(PROMPT):
Aside from the pictures, the entries should be given again exactly.

*** Opening of RECORDED DATA ***

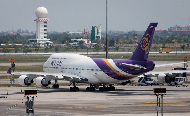 Máy bay của Thai Airways tại sân bay Suvarnabhumi ở Bangkok, Thái Lan. (Ảnh: AFP/TTXVN)
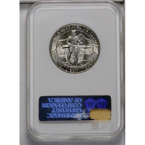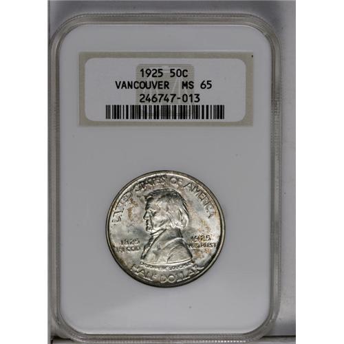 <B>1925<50C> Vancouver MS65 NGC.</B></I> Original gold and powder-blue toning adorns this lustrous and lovely Gem. The left portion of 1925 and WE TRUST is nicely die doubled. Housed in an early generation holder.
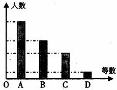某校对九年级学生进行“综合素质”评价,评价的结果分为A(优)、B(良)、C(合格)、D(不合格)四个等级.现从中随机抽测了若干名学生的“综合素质”等级作为样本进行数据处理,并作出如图所示的统计图.已知图中从左到右四个长方形的高的比为14:9:6:l,评价结果为D等级的有2人.请你回答以下问题:
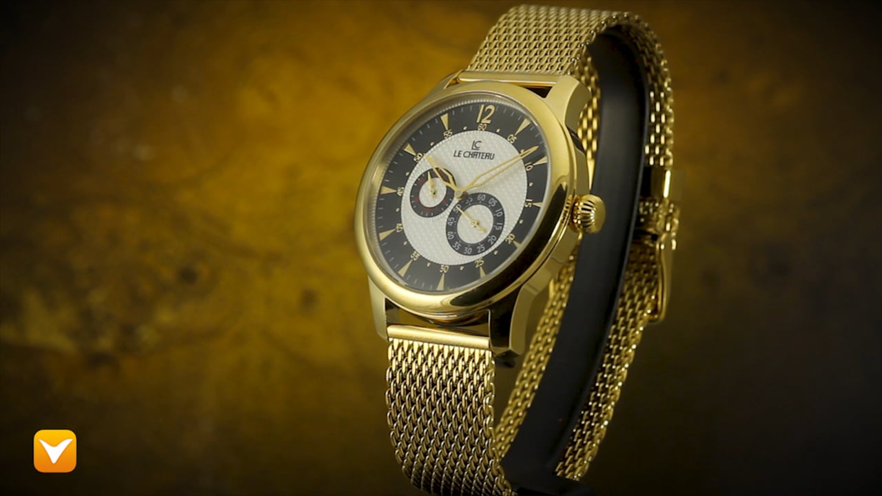 | Le Chateau 21 Jewel Automatic Multifunction Gold Tone Black/White Dial Gold Mesh Band. Price: $199 | ||
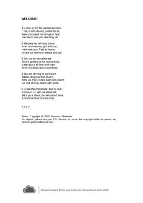 This hymn is about inclusivity in the church. Starting from the old evangelical "whosoever will", it goes on to address our modern situation.
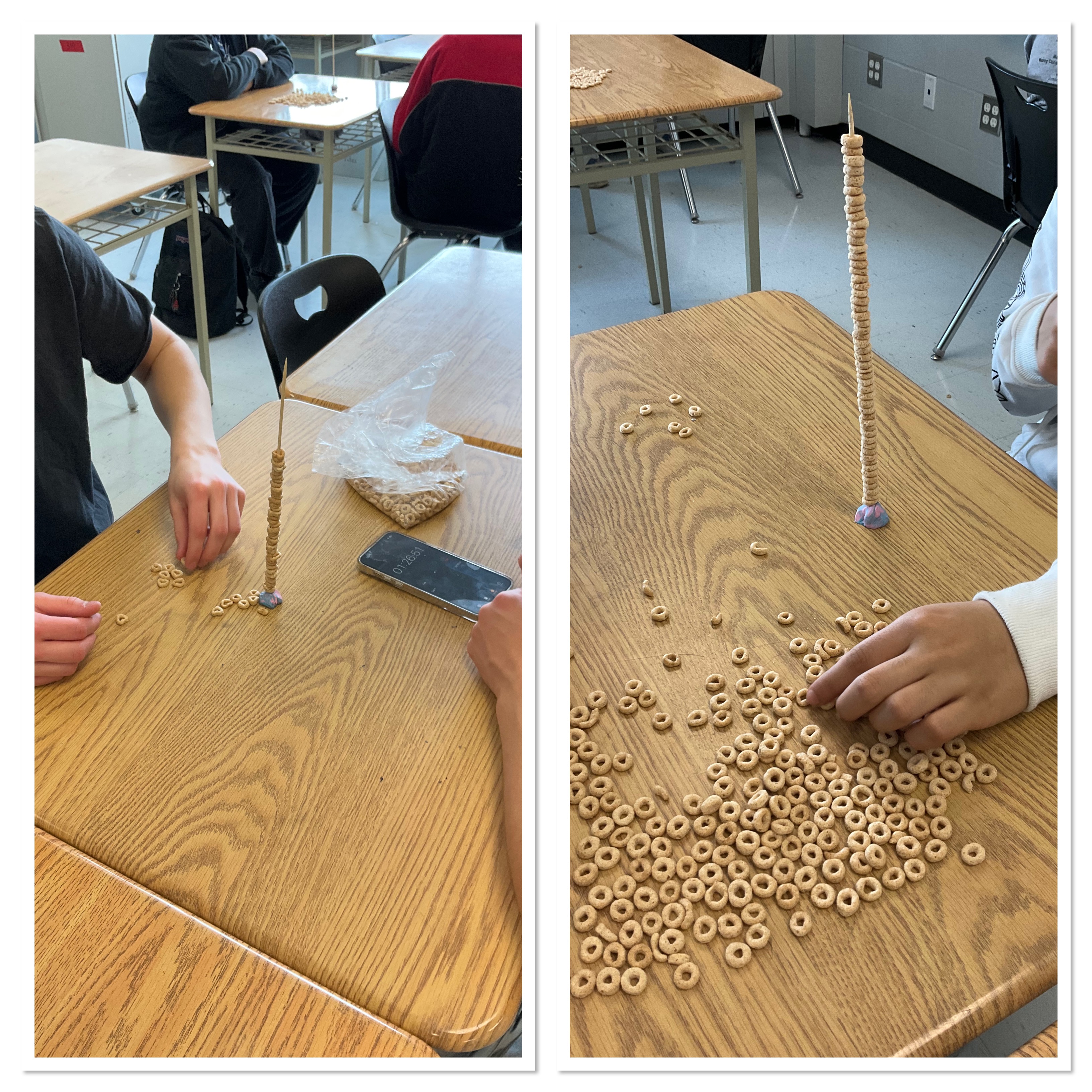 To start with each partnership had 1 skewer and a blob of plasticine to stick it upright on the desk. Each partnership took turns to see how many cheerios they could stack on the skewer in one minute. This established our stacking speed. (If I were to do this again, I’d stipulate that they got one try to do this, and they couldn’t keep redoing it to get a better time)
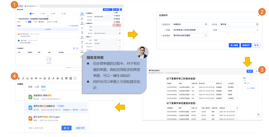 燕千云已被解决的服务单据可以一键转化为知识,实现企业在日常工作中沉淀知识的闭环流程,持续进化AIGC知识问答的能力。
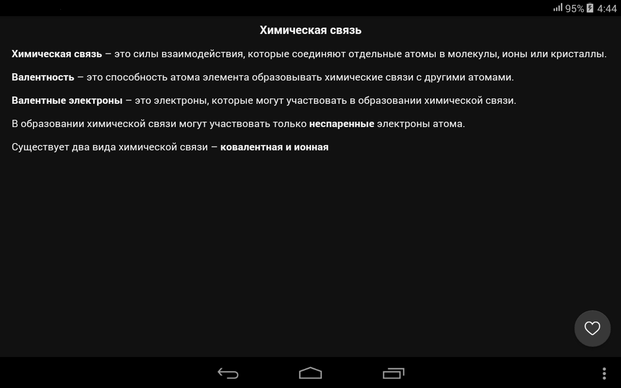 Легкий и удобный справочник по химии с темной темой поможет вам подготовиться к ЕГЭ и ОГЭ (ГИА), а также к другим экзаменам по химии. Содержит в себе большое количество шпаргалок, разбитых по темам.
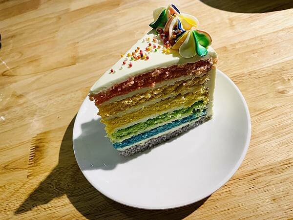最後來份甜點是個像彩虹般的蛋糕,超級可愛的!雖然吃不出什麼口味,但是就是甜甜的大家分著吃,看了也開心,一個人吃完的話可能會膩了點,一起吃就是個好拍又好吃的感覺!
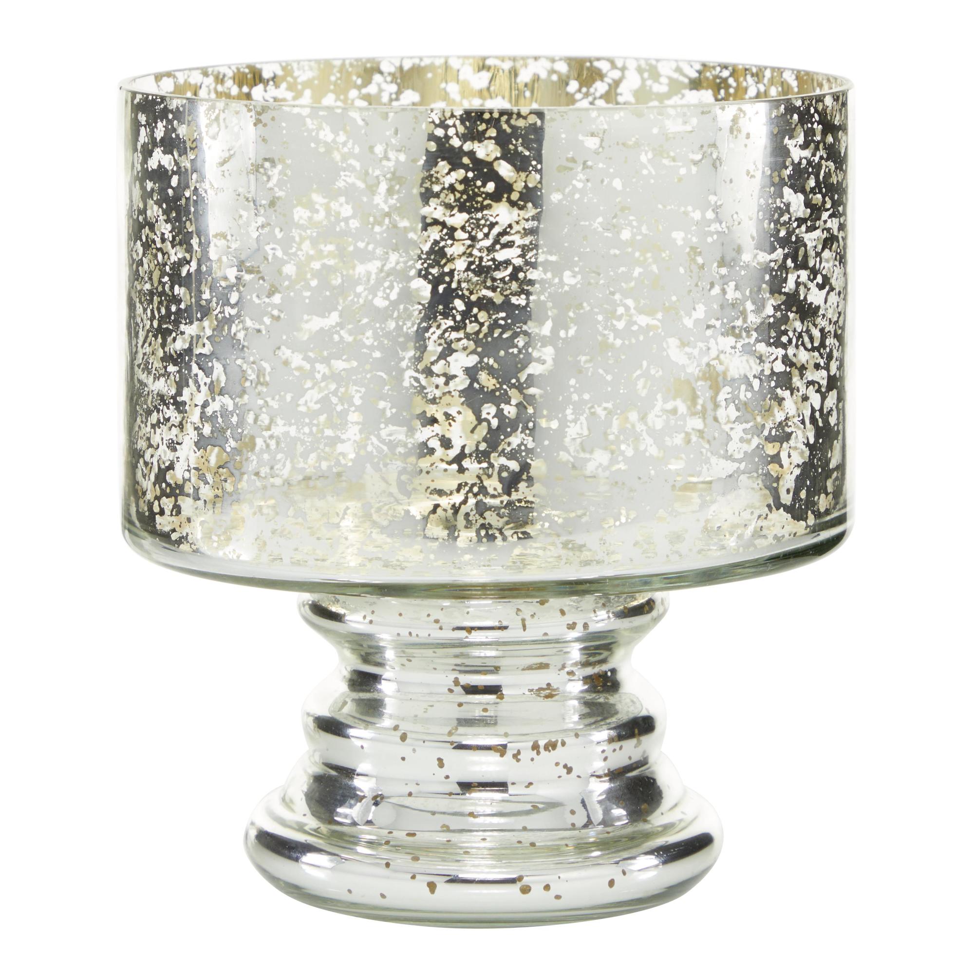 •The contemporary hurricane candle holder for table features a molded and glass body that is given a faux mercury finish for added appeal
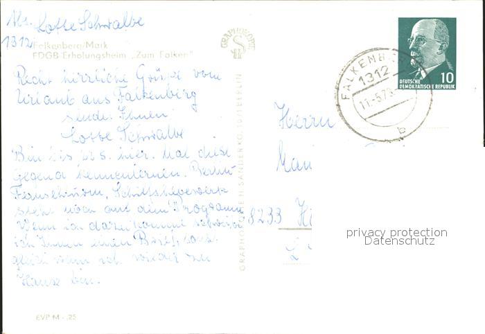 72030305 alte Postkarte Falkenberg Mark Erholungsheim Zum Falken postalisch gelaufen Erhaltung siehe scans KatCode: 11110012064125
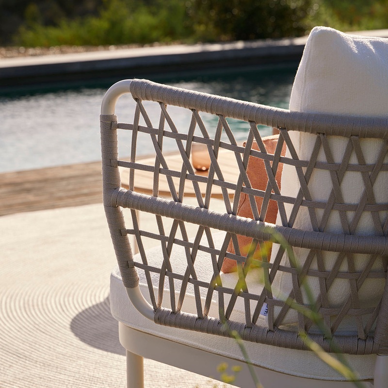Lounge chair designed by Patrick Norguet with powder-coated aluminum frame and hand-braided backrest in flat rope, forming a unique geometric pattern that evokes the precision of modern architecture. Available in Mineral White, Metallic Grey and Merlot finishes, the armchair includes a vivid seat cushion, made of high-density polyurethane foam, and a waterproof cover that reinforces its use in any environment. The backrest features a generous cushion, designed to offer maximum comfort, making this piece a contemporary tribute to the beauty of geometry and the curiosity to explore new forms.
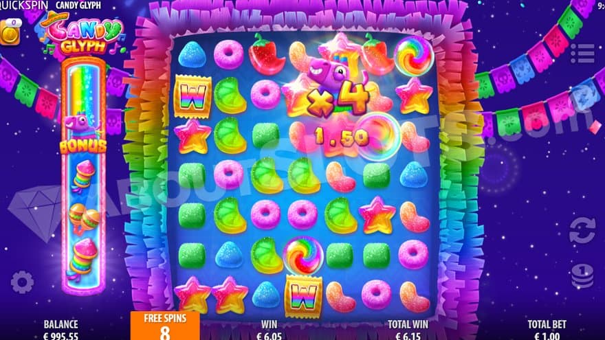Candy Glyph is a new casino slot from Quickspin with the Glyph mechanic players have gotten to know through games such as Warp Wreckers Power Glyph and Golden Glyph 3. This time, sweet pieces of candy spawn a Power Wild whenever you make a cluster win on the 7 reels. Scoring a win with a Power Wild will give you one of four power-ups that make sure to keep you entertained. Bonbon Bombs removes all high and low win symbols in its row and reel, while the Lollipop Rocket removes a randomly chosen low symbol. The Bouncy Bean Power-Up throws out an amazing amount of up to 10 Wilds on the reels. Triggering 5 Power-Ups in a row will trigger the Free Spins, where a multiplier Wild accompanies you during the entire feature. Let's investigate this Candyland even more.
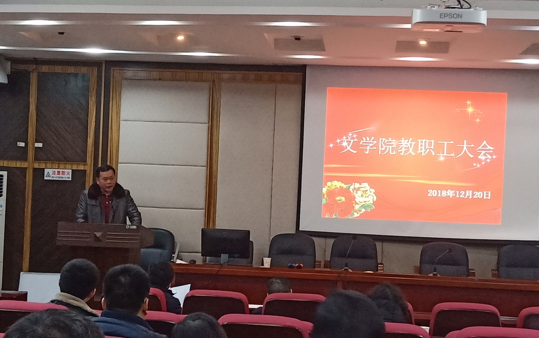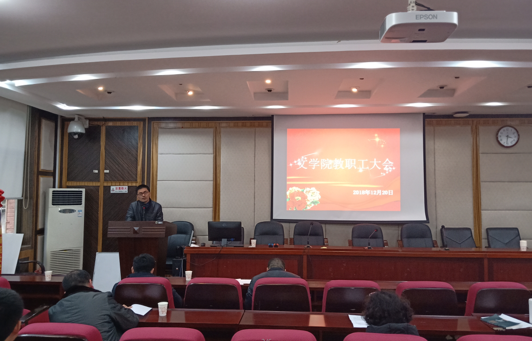 12月20日下午,公司在216报告厅召开教职工大会,宣讲上级有关精神,安排期末工作,会议由经理郑贤章主持。
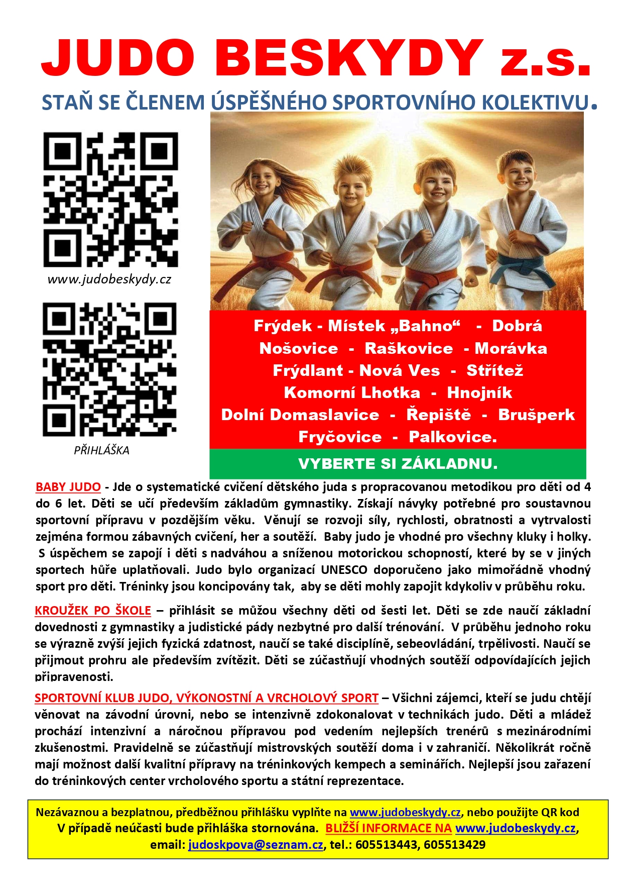 Judo Beskydy nabízí tréninky pro děti všech věkových i výkonnostních kategorií. Podrobnosti najdete v přiloženém letáčku.
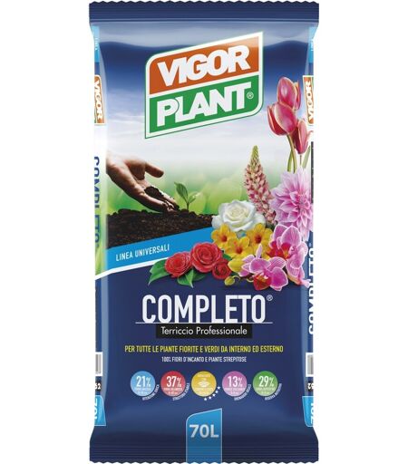Il Terriccio Completo Universale Vigorplant rappresenta una soluzione versatile e completa per la coltivazione di una varietà di piante, sia fiorite che verdi, sia all`interno che all`esterno. Questo terriccio è appositamente formulato per fornire alle piante l`ambiente ideale per crescere in modo sano e rigoglioso. Una delle caratteristiche chiave di questo terriccio è la sua adattabilità a una vasta gamma di piante. Sia che tu stia coltivando fiori decorativi o piante verdi, sia che le posizioni siano all`interno della tua casa o all`esterno in giardino, questo terriccio è pensato per soddisfare le esigenze di entrambi i tipi di piante. La presenza di granuli di concime a cessione programmata è un dettaglio importante. Questi granuli rilasciano gradualmente nutrienti nel terreno, fornendo alle piante una fonte costante di sostanze nutritive essenziali. Questo favorisce una crescita sana e vigorosa, promuovendo fioriture abbondanti e fogliame lussureggiante. Il terriccio è arricchito con macro e micro elementi, che sono nutrienti essenziali per la crescita delle piante. Questi elementi includono sostanze come azoto, fosforo, potassio e altri minerali che contribuiscono alla salute e al benessere delle piante. Formato 70 litri. ...

*** Close of RECORDED DATA ***

(ANSWER SPACE):
 Máy bay của Thai Airways tại sân bay Suvarnabhumi ở Bangkok, Thái Lan. (Ảnh: AFP/TTXVN)
 <B>1925<50C> Vancouver MS65 NGC.</B></I> Original gold and powder-blue toning adorns this lustrous and lovely Gem. The left portion of 1925 and WE TRUST is nicely die doubled. Housed in an early generation holder.
某校对九年级学生进行“综合素质”评价,评价的结果分为A(优)、B(良)、C(合格)、D(不合格)四个等级.现从中随机抽测了若干名学生的“综合素质”等级作为样本进行数据处理,并作出如图所示的统计图.已知图中从左到右四个长方形的高的比为14:9:6:l,评价结果为D等级的有2人.请你回答以下问题:
 | Le Chateau 21 Jewel Automatic Multifunction Gold Tone Black/White Dial Gold Mesh Band. Price: $199 | ||
 This hymn is about inclusivity in the church. Starting from the old evangelical "whosoever will", it goes on to address our modern situation.
 To start with each partnership had 1 skewer and a blob of plasticine to stick it upright on the desk. Each partnership took turns to see how many cheerios they could stack on the skewer in one minute. This established our stacking speed. (If I were to do this again, I’d stipulate that they got one try to do this, and they couldn’t keep redoing it to get a better time)
 燕千云已被解决的服务单据可以一键转化为知识,实现企业在日常工作中沉淀知识的闭环流程,持续进化AIGC知识问答的能力。
 Легкий и удобный справочник по химии с темной темой поможет вам подготовиться к ЕГЭ и ОГЭ (ГИА), а также к другим экзаменам по химии. Содержит в себе большое количество шпаргалок, разбитых по темам.
最後來份甜點是個像彩虹般的蛋糕,超級可愛的!雖然吃不出什麼口味,但是就是甜甜的大家分著吃,看了也開心,一個人吃完的話可能會膩了點,一起吃就是個好拍又好吃的感覺!
 •The contemporary hurricane candle holder for table features a molded and glass body that is given a faux mercury finish for added appeal
 72030305 alte Postkarte Falkenberg Mark Erholungsheim Zum Falken postalisch gelaufen Erhaltung siehe scans KatCode: 11110012064125
Lounge chair designed by Patrick Norguet with powder-coated aluminum frame and hand-braided backrest in flat rope, forming a unique geometric pattern that evokes the precision of modern architecture. Available in Mineral White, Metallic Grey and Merlot finishes, the armchair includes a vivid seat cushion, made of high-density polyurethane foam, and a waterproof cover that reinforces its use in any environment. The backrest features a generous cushion, designed to offer maximum comfort, making this piece a contemporary tribute to the beauty of geometry and the curiosity to explore new forms.
Candy Glyph is a new casino slot from Quickspin with the Glyph mechanic players have gotten to know through games such as Warp Wreckers Power Glyph and Golden Glyph 3. This time, sweet pieces of candy spawn a Power Wild whenever you make a cluster win on the 7 reels. Scoring a win with a Power Wild will give you one of four power-ups that make sure to keep you entertained. Bonbon Bombs removes all high and low win symbols in its row and reel, while the Lollipop Rocket removes a randomly chosen low symbol. The Bouncy Bean Power-Up throws out an amazing amount of up to 10 Wilds on the reels. Triggering 5 Power-Ups in a row will trigger the Free Spins, where a multiplier Wild accompanies you during the entire feature. Let's investigate this Candyland even more.
 12月20日下午,公司在216报告厅召开教职工大会,宣讲上级有关精神,安排期末工作,会议由经理郑贤章主持。
 Judo Beskydy nabízí tréninky pro děti všech věkových i výkonnostních kategorií. Podrobnosti najdete v přiloženém letáčku.
Il Terriccio Completo Universale Vigorplant rappresenta una soluzione versatile e completa per la coltivazione di una varietà di piante, sia fiorite che verdi, sia all`interno che all`esterno. Questo terriccio è appositamente formulato per fornire alle piante l`ambiente ideale per crescere in modo sano e rigoglioso. Una delle caratteristiche chiave di questo terriccio è la sua adattabilità a una vasta gamma di piante. Sia che tu stia coltivando fiori decorativi o piante verdi, sia che le posizioni siano all`interno della tua casa o all`esterno in giardino, questo terriccio è pensato per soddisfare le esigenze di entrambi i tipi di piante. La presenza di granuli di concime a cessione programmata è un dettaglio importante. Questi granuli rilasciano gradualmente nutrienti nel terreno, fornendo alle piante una fonte costante di sostanze nutritive essenziali. Questo favorisce una crescita sana e vigorosa, promuovendo fioriture abbondanti e fogliame lussureggiante. Il terriccio è arricchito con macro e micro elementi, che sono nutrienti essenziali per la crescita delle piante. Questi elementi includono sostanze come azoto, fosforo, potassio e altri minerali che contribuiscono alla salute e al benessere delle piante. Formato 70 litri. ...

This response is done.